Please note that once a report has been forwarded to a regulatory authority, we cannot require that authority to amend or delete the data — the authority holds that data under its own legal framework.
To exercise any of these rights, contact us at drsmhall@gmail.com. We will respond within 30 days. You also have the right to lodge a complaint with the relevant data protection authority in your jurisdiction.
9. California Residents (CCPA / CPRA)
If you are a California resident, you have additional rights under the California Consumer Privacy Act (CCPA) as amended by the CPRA, including the right to know what personal information is collected and sold, the right to opt out of the sale of personal information (we do not sell personal information), and the right to non-discrimination for exercising your rights.
To make a verifiable consumer request, contact us at drsmhall@gmail.com.
10. Children's Privacy
The Service is not directed to children under the age of 18. We do not knowingly collect personal information directly from children.
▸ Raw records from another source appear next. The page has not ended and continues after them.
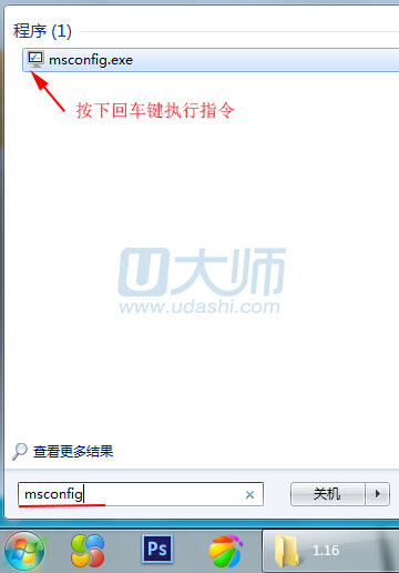 1.在桌面点击左下方“开始”按钮,然后在菜单栏的搜索框中输入“msconfig”指令,直接按回车键执行指令:
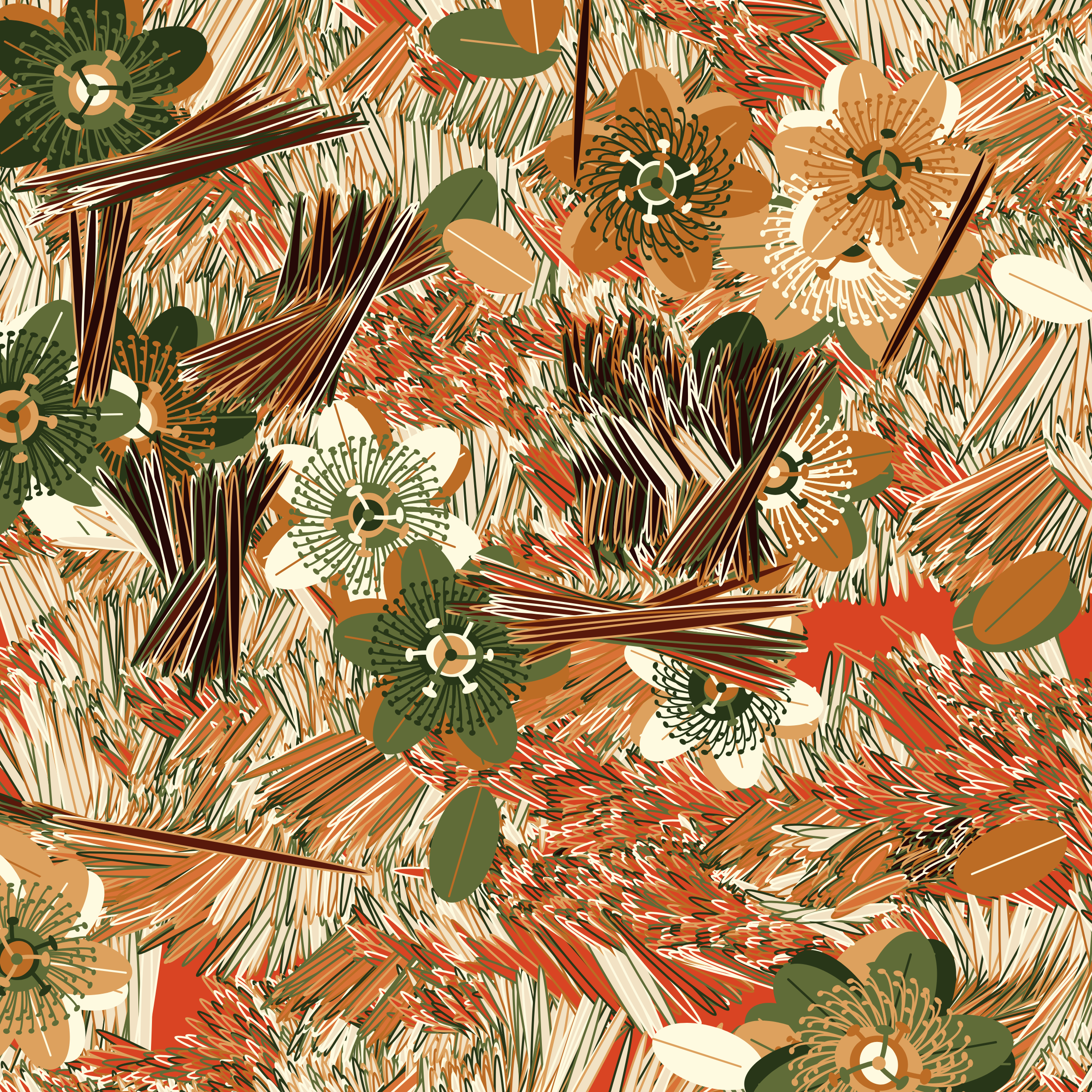 “Fragments of an infinite field” is a compositional system in which an idealized plant species is generated and arranged in a potentially infinite field of foliage. The main environmental parameter of the composition is the determination of a season of the year. The season determines the landscape’s colors and defines specific phenomena for each of them, such as rain in summer, snow in winter, petals falling in autumn, and pollen in spring. The flower has several possible variables, which can be macro aspects, affecting the entire population of the species, or micro, affecting each individual of the species differently. For example, the number of petals can be equal in all individuals or not. The number of filaments and other structures of the flower can undergo minor deviations, generating small mutations. The confusion between the figure (plant) and the background (earth, sky, other natural elements) is fascinating from a compositional point of view. The background colors are, most of the time, colors present in the figures, often breaking the boundary between them and, therefore, generating chromatic masses. In this project I also intend to research the following question: How to create parameters that resemble a living organism's growth? In this sense, the project approaches digital morphogenesis and the development of procedural organisms.
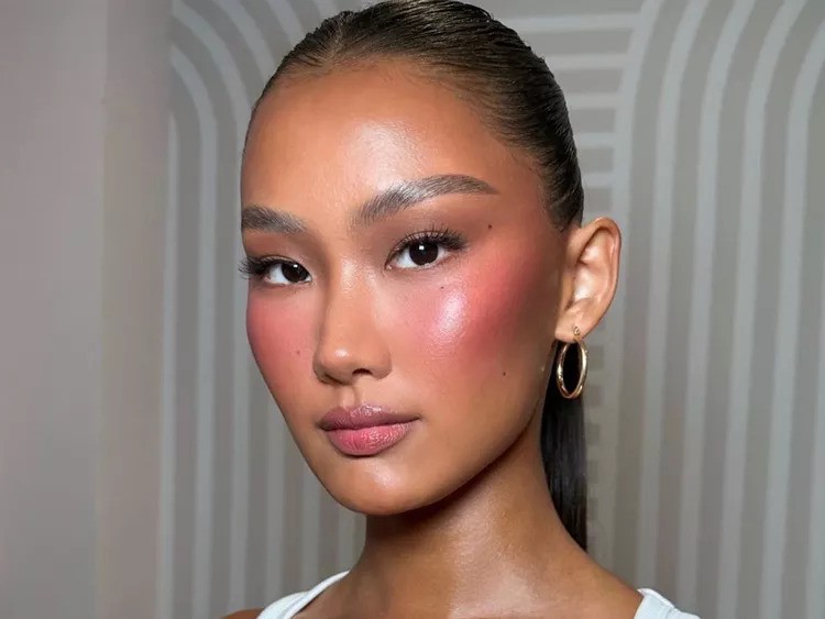The TikTok trend that sees a sunset colour gradient blended on the cheeks, topped off with a highlighter. Think tones of red, pink, orange and peach that sit high on the cheekbones and make quite a statement. This blush trend is perhaps not your everyday-pop-into-the-supermarket look, but rather apply on yourself, ready for your social media selfie.
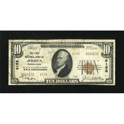 <B>Jermyn, PA</B></I> - $10 1929 Ty. 2 <B>The First NB</B></I> Ch. # 6158<BR> Another opportunity to pick up a scarce small size on this bank and a different type. It is a <B>Fine</B></I> Type Two with a little bit of dirt holding it back from a higher grade.<BR><I>From The Kansas City Collection</B></I><BR><BR><b>Shipping:</b> Coins & Currency (<a target="_blank" href="http://www.heritageauctions.com/common/shipping.php">view shipping information</a>)

A report may include information about a child patient; in such cases the report must be submitted by a parent, guardian, or healthcare professional with appropriate authority.
11. Security
We implement reasonable technical and organisational measures to protect personal data against unauthorised access, disclosure, alteration, or destruction. These include encrypted data transmission (TLS), row-level security on our database, and restricted access to production systems.
No method of transmission over the Internet or electronic storage is 100% secure. We cannot guarantee absolute security but will notify affected individuals and relevant authorities in the event of a data breach as required by applicable law.
12. Changes to This Policy
We may update this Privacy Policy from time to time. The effective date at the top of this page reflects the most recent revision. We encourage you to review this Policy periodically. Continued use of the Service after any change constitutes acceptance of the revised Policy.
13. Contact and Complaints
For any questions, concerns, or requests relating to this Privacy Policy or our data practices, contact us at: drsmhall@gmail.com
If you are in Australia and believe we have not complied with the Privacy Act 1988, you may lodge a complaint with the Office of the Australian Information Commissioner (OAIC) at www.oaic.gov.au. If you are in the EU/EEA, you may contact your national data protection authority.